Directions: Copying starts at the line containing "Doorstroomkijkglas Aansluitmaat: DN50" and stops after the last line of the records; each line is repeated exactly, and pictures are skipped.
[Records supplied — start]
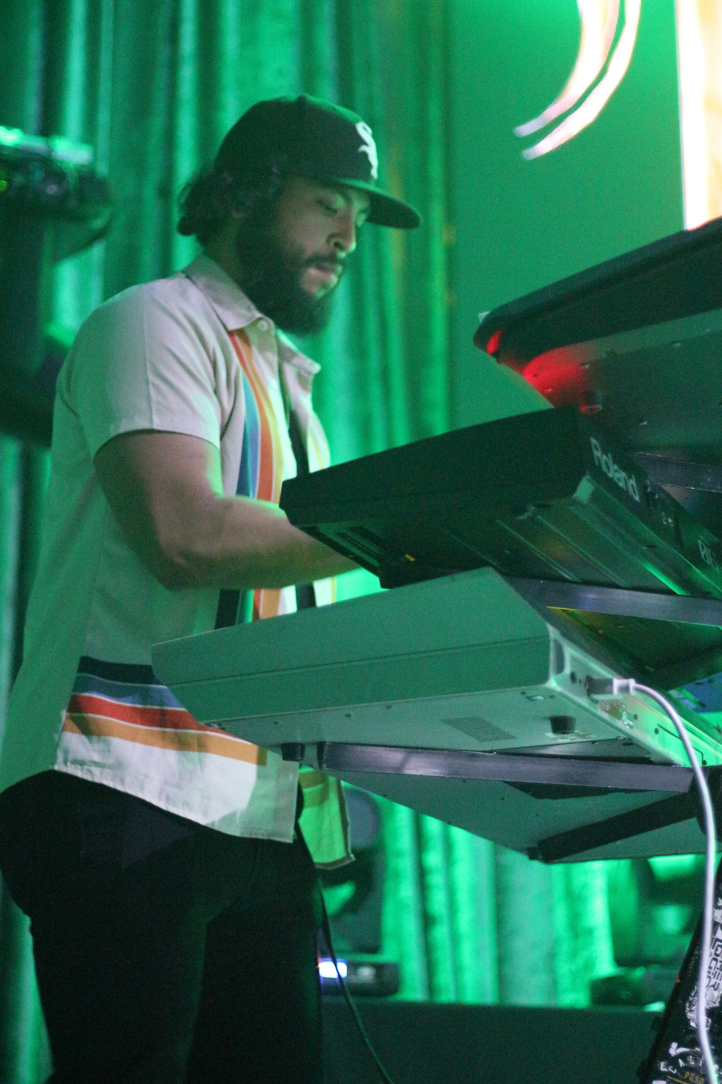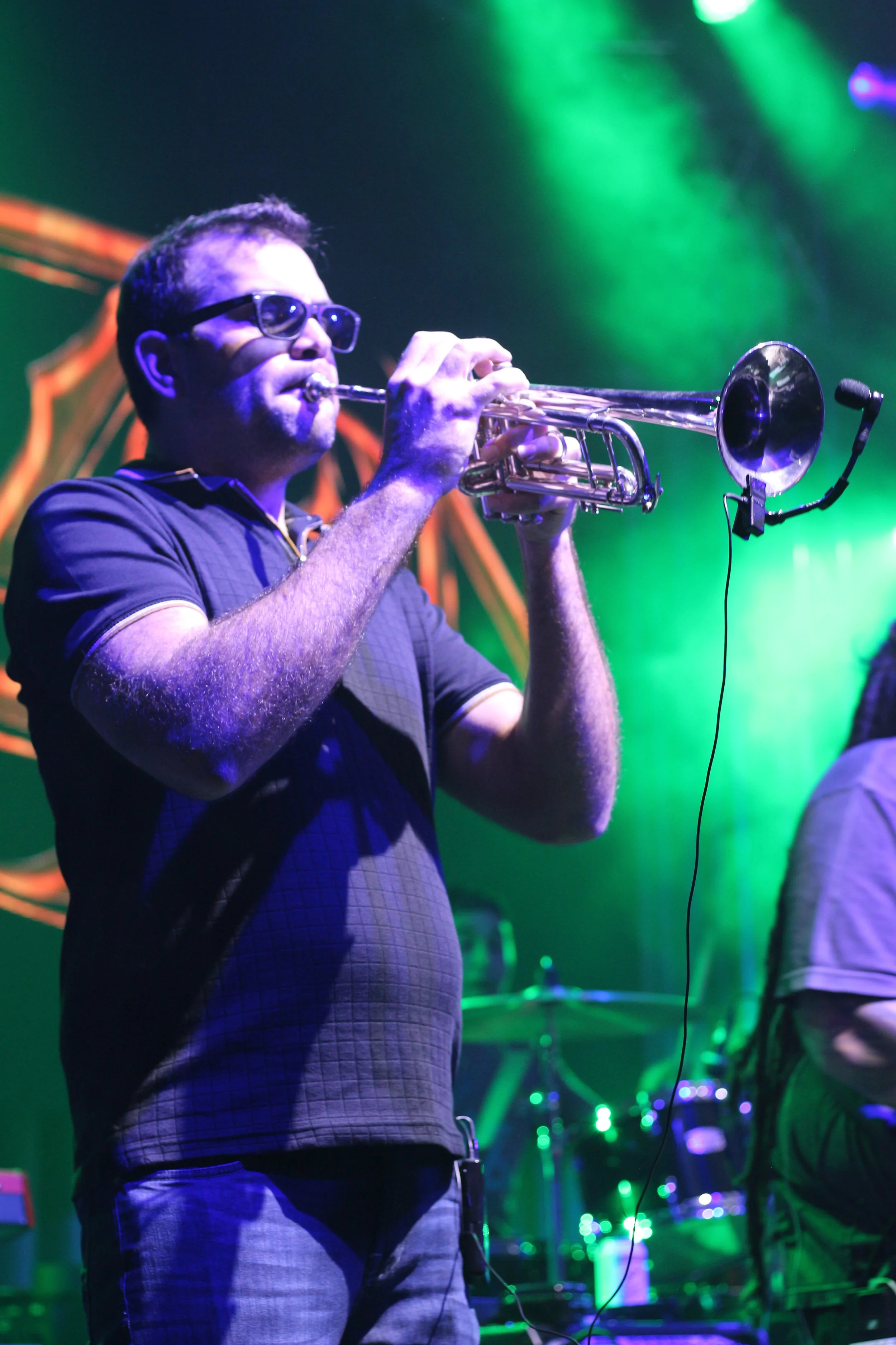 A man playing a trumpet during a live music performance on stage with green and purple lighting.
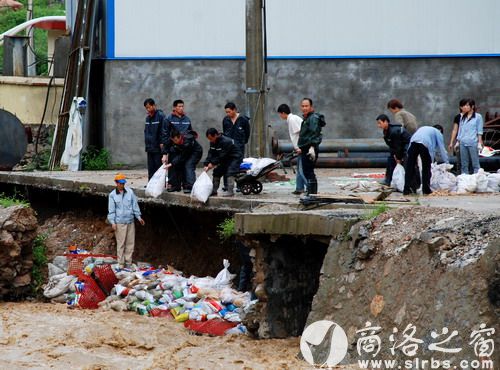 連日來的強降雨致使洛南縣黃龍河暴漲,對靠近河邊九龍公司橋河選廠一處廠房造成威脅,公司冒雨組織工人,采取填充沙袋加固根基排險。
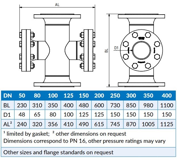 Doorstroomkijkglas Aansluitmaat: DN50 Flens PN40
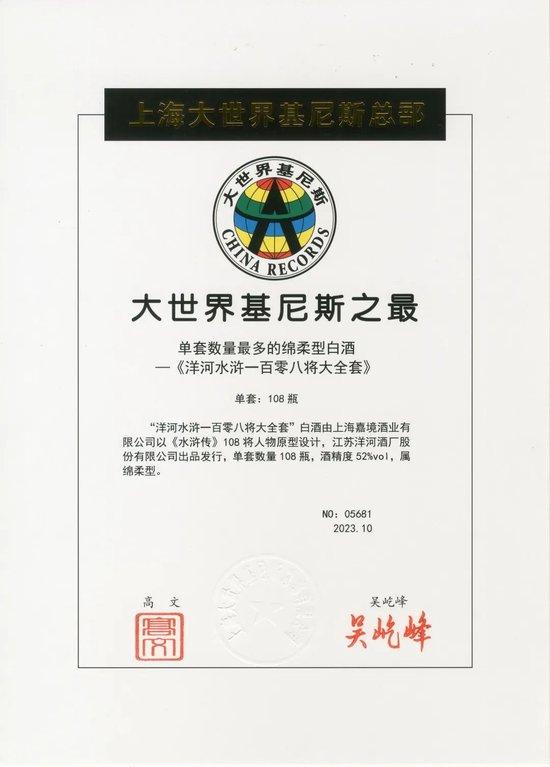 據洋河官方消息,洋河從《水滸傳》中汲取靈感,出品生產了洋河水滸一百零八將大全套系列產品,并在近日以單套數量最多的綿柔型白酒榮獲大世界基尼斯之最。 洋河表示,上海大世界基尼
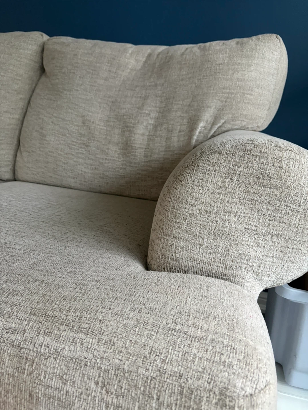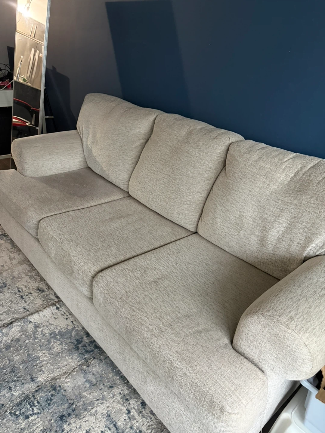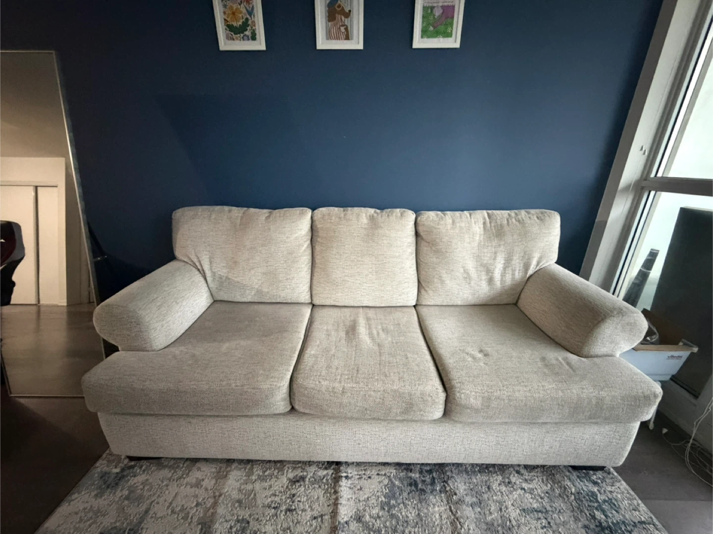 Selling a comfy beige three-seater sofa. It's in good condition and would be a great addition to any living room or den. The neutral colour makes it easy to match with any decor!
[Records supplied — finish]
Response below:
 Doorstroomkijkglas Aansluitmaat: DN50 Flens PN40
 據洋河官方消息,洋河從《水滸傳》中汲取靈感,出品生產了洋河水滸一百零八將大全套系列產品,并在近日以單套數量最多的綿柔型白酒榮獲大世界基尼斯之最。 洋河表示,上海大世界基尼
 Selling a comfy beige three-seater sofa. It's in good condition and would be a great addition to any living room or den. The neutral colour makes it easy to match with any decor!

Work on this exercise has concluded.